### WORKING DATA
-=-=-=-=-

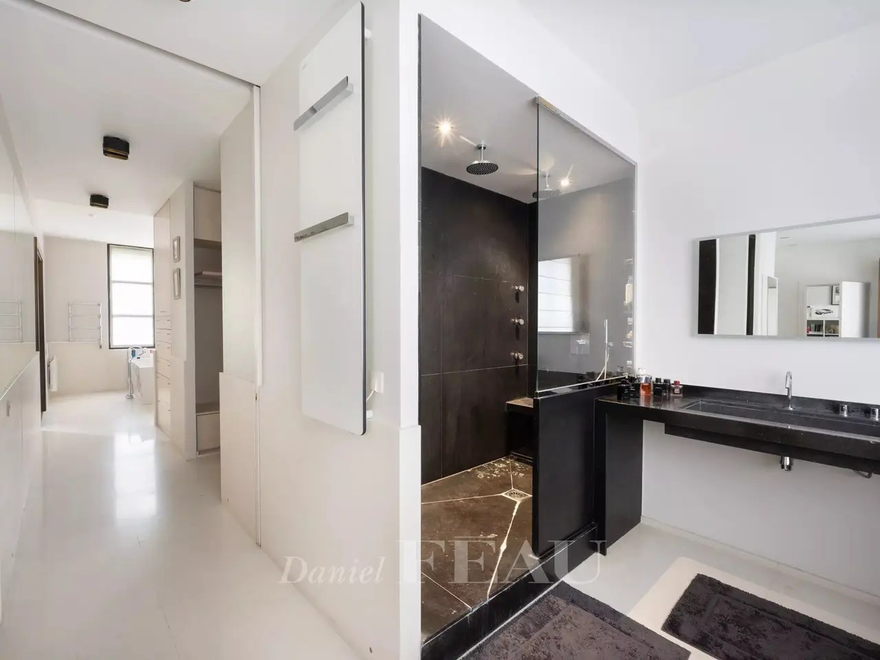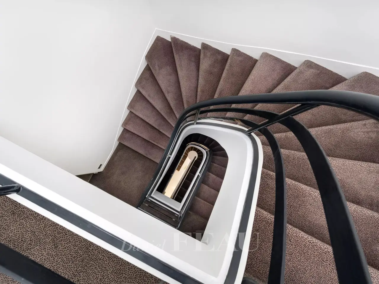 This magnificent 1930’s private mansion located in a private street benefits from a near 250 sqm garden. It includes garden-level living/reception rooms and a kitchen, with a garden-level studio apartment. A master suite opening onto a terrace and with a bathroom, two dressing rooms and a study is upstairs. The second floor comprises two bedrooms each with a bathroom, and a two-room apartment overlooking the garden. The top floor is fitted as a self-contained apartment and includes a living room, a kitchen, two bedrooms and two bathrooms. On a basement with a home cinema, a wine cellar and a utility room. Air-conditioning. With an indoor parking space and three spaces in front of the property.
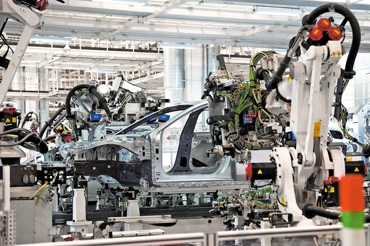 一輛汽車正在北京一條自動化生產線上進行組裝。圖片來源:新華社
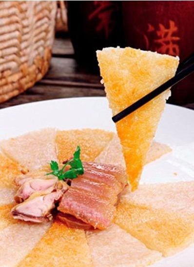 走菜:锅内放入熟猪油和色拉油各75克,小火熬化后将糯米圆饼平铺入锅内,一边用小火煎制,一边不停地晃动炒锅,待糯米一面呈现色泽金黄时,取出修整边缘,切成三角形大块。正反两面交叉摆入盘中,放入蒸熟的咸肉、香肠(或咸鸭),再将蒸咸肉、香肠(或咸鸭)产生的汁水淋在煎好的糯米锅巴上,用葱丝5克,胡萝卜丝、青椒丝各2克(或香菜4克)装饰即可。更多特色湘菜美食就在刘石强湘菜厨师团队。
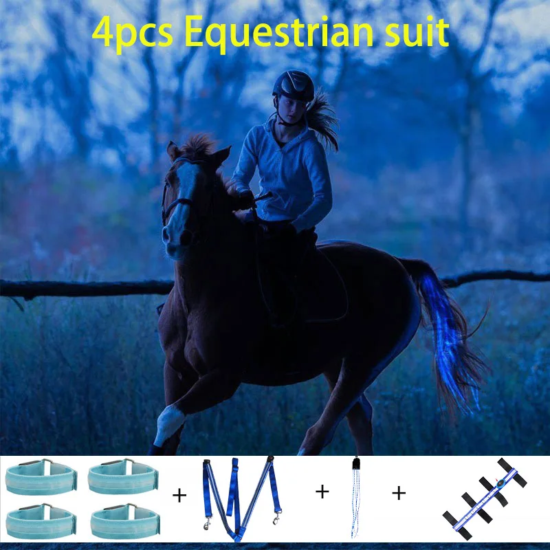 3 шт. светодиодный Конный хвост для ног на груди, ремни для верховой езды, светящиеся конные костюмы, ночное освещение, видимое Конное оборудование для конного спорта
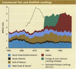 For instance, the new report finds that among fish stocks for which the number of animals is known, 40 percent of the populations have declined over the past 2 decades, and 20 percent have increased. But the study offers an important caveat: “Population trends are not known for three-quarters of commercially important stocks.” Similarly, while the total catch of fish from U.S. waters has remained stable in recent years (see table), such cumulative totals don’t highlight the extent to which this reflects working harder (i.e., spending more time at sea per ton hauled in) or accepting catches of less desirable species–such as dogfish (shark) instead of Atlantic cod.
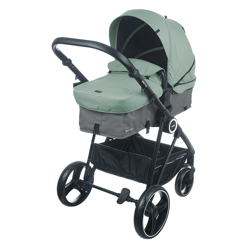 Задняя часть прогулочного блока оборудована удобным кармашком для мелочей и сетчатым карманом для вещей. Подножка регулируется по высоте, снабжена накладкой из искусственной кожи, что делает уход за коляской более простым, а срок эксплуатации – более длительным. Колеса выполнены из вспененной резины, выделяются большой устойчивостью к износу и обеспечением комфорта для ребенка. Переднюю пару можно фиксировать для прямого движения или давать свободный ход для улучшения маневренности. На неровной дороге помогут амортизаторы на передних и задних колесах.
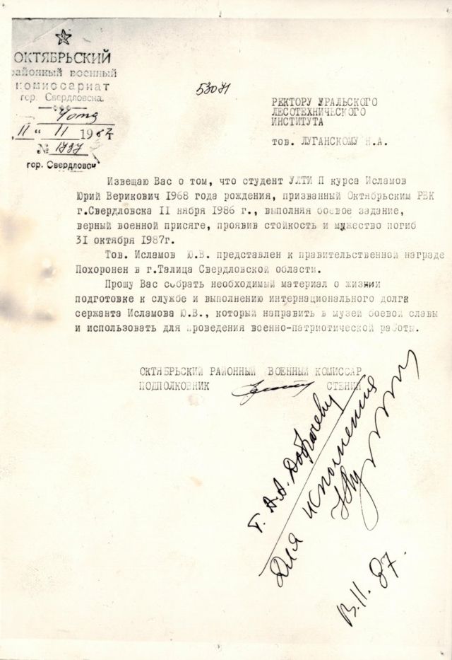 Студенты и преподаватели Уральского государственного лесотехнического университета сегодня, 1 ноября, почтили память Юрия Исламова. Бывший студент лесоинженерного факультета вуза 35 лет назад погиб в Афганистане. Он, единственный в Свердловской области, получил звание Героя Советского Союза за совершенный подвиг. К сожалению, награда была вручена посмертно.

-=-=-=-=-

Please give again the entries word for word, starting at the first line and ending with the line that contains "3 шт. светодиодный"; include both of those lines but none of the pictures.

 This magnificent 1930’s private mansion located in a private street benefits from a near 250 sqm garden. It includes garden-level living/reception rooms and a kitchen, with a garden-level studio apartment. A master suite opening onto a terrace and with a bathroom, two dressing rooms and a study is upstairs. The second floor comprises two bedrooms each with a bathroom, and a two-room apartment overlooking the garden. The top floor is fitted as a self-contained apartment and includes a living room, a kitchen, two bedrooms and two bathrooms. On a basement with a home cinema, a wine cellar and a utility room. Air-conditioning. With an indoor parking space and three spaces in front of the property.
 一輛汽車正在北京一條自動化生產線上進行組裝。圖片來源:新華社
 走菜:锅内放入熟猪油和色拉油各75克,小火熬化后将糯米圆饼平铺入锅内,一边用小火煎制,一边不停地晃动炒锅,待糯米一面呈现色泽金黄时,取出修整边缘,切成三角形大块。正反两面交叉摆入盘中,放入蒸熟的咸肉、香肠(或咸鸭),再将蒸咸肉、香肠(或咸鸭)产生的汁水淋在煎好的糯米锅巴上,用葱丝5克,胡萝卜丝、青椒丝各2克(或香菜4克)装饰即可。更多特色湘菜美食就在刘石强湘菜厨师团队。
 3 шт. светодиодный Конный хвост для ног на груди, ремни для верховой езды, светящиеся конные костюмы, ночное освещение, видимое Конное оборудование для конного спорта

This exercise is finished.